La crisi dell’Italia e quella degli italiani

La crisi dell’Italia e quella degli italiani

 

Ci hanno insegnato, a scuola e all’università, che la peggiore congiuntura possibile per un’economia è quella della famigerata stagflazione. Quando, cioè, si sommano contemporaneamente una stagnazione economica e una deflazione dei prezzi. Ce lo hanno ripetuto come un mantra, nelle nostre cattedrali del pensiero neoliberista che sono le nostre facoltà. Dunque dovremmo accogliere con tripudio di liberazione i numeri che ha elaborato il centro studi dell’Ansa, che ci conferma come, a un decennio di crisi e recessione economica, sia invece continuato a crescere il livello dei prezzi. Olè!

Veniamo a sapere, infatti, che nel decennio 2000-2010 l’inflazione ha viaggiato su una media del 3% reale all’anno, a cui ha fatto seguito un incremento degli stipendi dell’1,7% annuale. I nostri redditi quindi hanno perso una media dell’1,3% all’anno rispetto al costo della vita. La vita reale osservata con le statistiche, però, non riesce a descrivere proprio tutto. E infatti, nel corso di questi dieci anni quel numeretto che identifica l’inflazione non descrive esattamente la situazione. In realtà, invece di aumentare del 30%, i prezzi dei generi di prima necessità e affini sono aumentati di molto sopra il 100%. Insomma, mentre continuavamo a perdere quote di reddito, i prezzi delle merci che acquisiamo più frequentemente sono più che raddoppiati. (Di esempi se ne potrebbero fare a migliaia, lasciamo perdere. Per dire, oggi ho fatto colazione al bar con 2 euro, cioè 4000 lire. Nel 2000 per fare colazione al bar spendevo 2000 lire. Un aumento netto, insomma, del 100%, alla faccia del 3% d’inflazione…)

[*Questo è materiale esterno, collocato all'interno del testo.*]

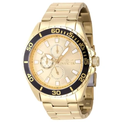 The Invicta 47577 has a 46 millimetres stainless steel case with a gold dial. This model is powered by an accurate Quartz movement. 5 bar water pressure resistant. This model is part of the Invicta Pro Diver collection. Including 2-year Invicta warranty.
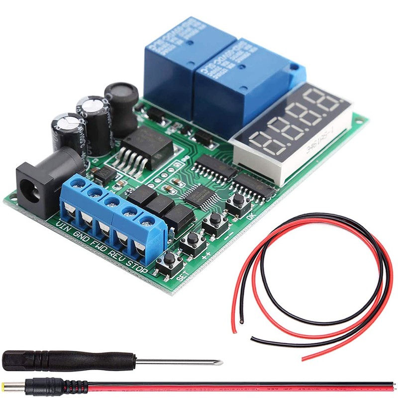 Youmile 5V - 24V DC Motor Forward/Reverse Controller module Timing Delay Time Cycles Relay Motor Controller Board with red and black cable DC male cable Screwdriver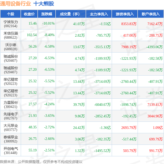 个股表现方面,通用设备行业当日领跌股为宁波东力(002164),该股当日报收15.46,下跌10.01%,成交量41.07万,主力资金净流出1.55亿元。禾信仪器(688622)以下跌8.4%紧随其后,该股当日成交量2.82万,主力资金净流出705.75万元。除此之外,沃尔德(688028)、驰诚股份(920407)、驰诚股份(920407)均进入当日熊股之列。具体个股列表见下表: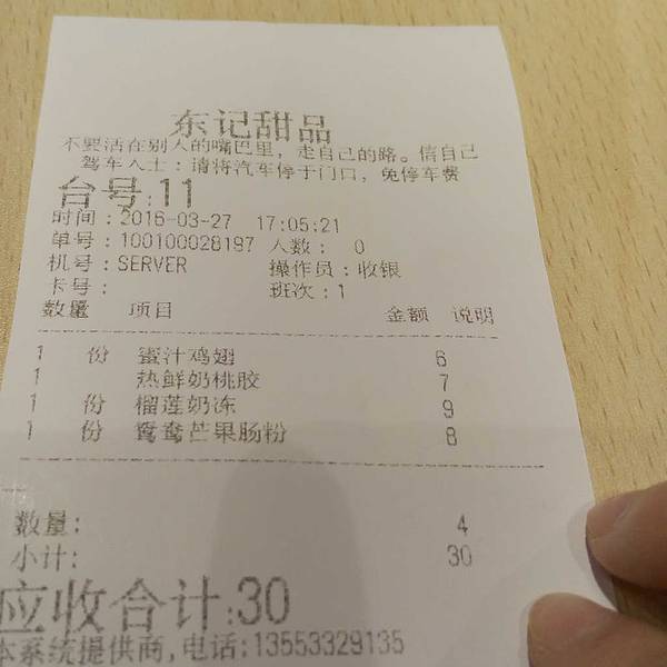 某天经过的时候发现东记重新装修过了,店面增加了许多小清新的元素,感觉夏天又到了。招牌变成可爱的字体,外墙变成绿色,里面装修也刷了新墙面。刚好过了人多的时间点,所以店里的人不算多,不过也坐了有大半。排队的时候稍微混乱了一点,因为这家店是家庭经营,所以收银员不太专业,导致人多的时候某些人根本不排队。一半是有椰汁的粉皮,一半是原味的,里面的芒果很大块,酸酸甜甜很适合夏天吃。这个还好,不会很甜,适合我的口味。榴莲肉就那么一点在上面点缀,里面的奶冻几乎没有什么榴莲味。这个蜜汁鸡翅味道不错,不过鸡翅好像没有处理得很干净,还有很多毛在上面。东记的出品水准还是保持得不错的,人均也不贵,这4份东西加起来才30元,约上几个好友一起下午茶非常适合。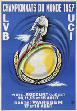 The 1957 UCI Track Cycling World Championships were the World Championship for track cycling. They took place in Rocourt, Belgium from 10 to 15 August 1957.[1] Five events for men were contested, 3 for professionals and 2 for amateurs.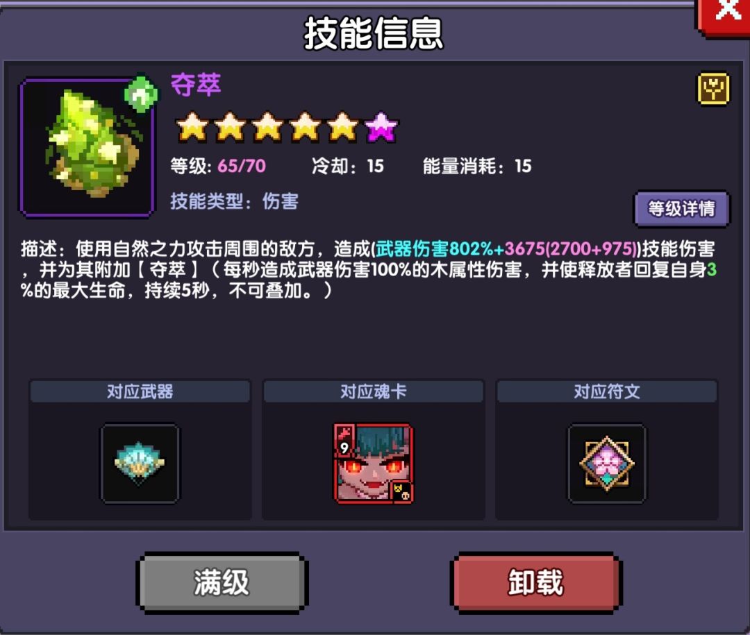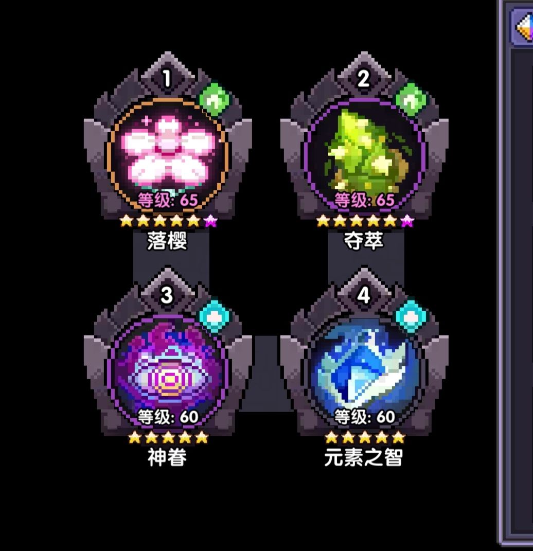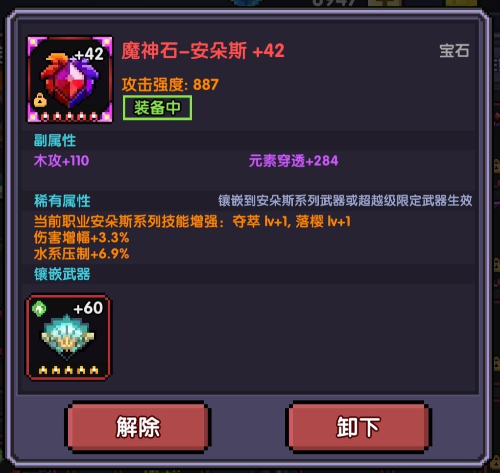 属性:爆伤,木攻,攻强,暴击,穿透(按照面板和关卡属性要求选择暴击,穿透)

Da dove derivi questa continua perdita del potere d’acquisto, che sta alla base della crisi economica che stiamo vivendo da anni, è presto detto: dagli accordi del Luglio 1993, con i quali veniva definitivamente abbandonato lo strumento della “scala mobile” per adeguare gli stipendi al costo della vita (strumento peraltro già revisionato da Craxi nel lontano 1984). La scala mobile, infatti, garantiva il collegamento fra inflazione e livello degli stipendi. Se in un dato anno l’inflazione fosse stata del 2,7%, gli stipendi l’anno successivo sarebbero cresciuti almeno del 2,7%. Semplice, lineare, immediato, scontato. E invece, dal 1993, col beneplacito di tutti quei sindacati che oggi si lamentano della perdita di potere d’acquisto dei consumatori, il livello degli stipendi non è più agganciato all’inflazione. O meglio, gli stipendi sono agganciati alla previsione che il governo fa del livello d’inflazione del prossimo anno. Per cui, in sede di contrattazione nazionale, se il governo prevede che l’inflazione sarà del 1,5%, l’adeguamento degli stipendi sarà dell’1,5%. E poco importa se poi,statistiche alla mano, l’inflazione reale risulti essere del 2,5%. Il contratto è firmato. Oltretutto, i contratti in genere durano più anni, per cui il livello previsto di inflazione non potrà essere più modificato.

Per ritornare alle fredde statistiche, che però in questo caso non fanno altro che confermare un dato che noi già vivevamo da tempo sulla nostra pelle, vediamo come, nel decennio 2000-2010, la media degli aumenti per i prodotti di largo consumo è stata del 53% (!). Il potere d’acquisto, invece, è diminuito del 39% (!!). Insomma, se nel 2000 guadagnavamo l’equivalente di 1000 euro, oggi ne guadagniamo neanche 700, ma i prezzi, e qui viene il bello, sono raddoppiati. Per cui, quei già miseri 800 euro finiscono per valere come neanche 600 euro del 2000.

E’ proprio questa l’anomalia italiana: non è un paese ricco (il suo PIL pro capite viaggia intorno al trentesimo posto nelle graduatorie mondiali), ma ha i prezzi da paese ricchissimo, che aumenta ancor di più la disparità sociale e il livello di povertà reale del nostro paese.

E poi ci si domanda perché la gente d’indebita sempre di più, creando bolle finanziarie che puntualmente esplodono facendo da moltiplicatore ad una crisi che stavamo già vivendo. Come dire, senza sapè né legge né scrive, se la situazione è questa meglio la stagflazione all’inculata liberista di questi anni.